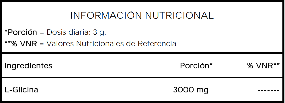 LA MEJOR GLICINA: Cada dosis contiene 3000 mg de L-Glicina. Nuestra Glicina es la molécula Levógira (L-Glicina), la más frecuente en piel, cabello, músculos y tendones.
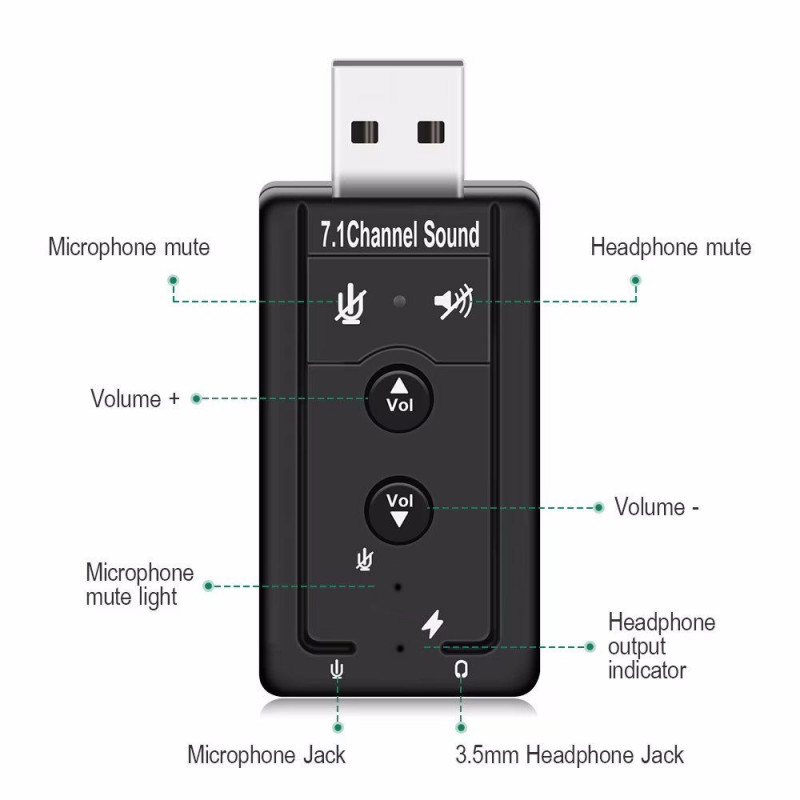 USB audio adapter with 3D stereo support and 7.1 virtual sound.
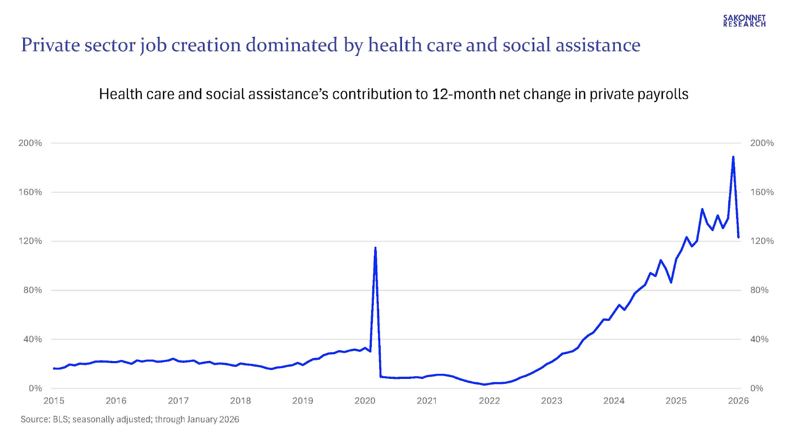 The US added 508,000 jobs in 2025, according to the latest numbers, but 405,000 of those gains came from healthcare and 308,000 from social assistance (which includes home health aides and childcare workers). Thus, the US lost jobs elsewhere and was saved only by these two industries. This pattern is common during recessions; indeed, 2025 was “the weakest year for job growth outside of a recession since the early 2000s.” Healthcare’s share of American job growth has been steadily increasing since 2022, perhaps a sign that elder care is becoming a load-bearing part of the economy as the US population ages.

┄┄┄┄┄┄┄┄┄┄

• What the task requires
Set down again, exactly, the lines of the material above from its first line to the one with "USB audio adapter", inclusive. Leave the pictures out.

• Task output
 LA MEJOR GLICINA: Cada dosis contiene 3000 mg de L-Glicina. Nuestra Glicina es la molécula Levógira (L-Glicina), la más frecuente en piel, cabello, músculos y tendones.
 USB audio adapter with 3D stereo support and 7.1 virtual sound.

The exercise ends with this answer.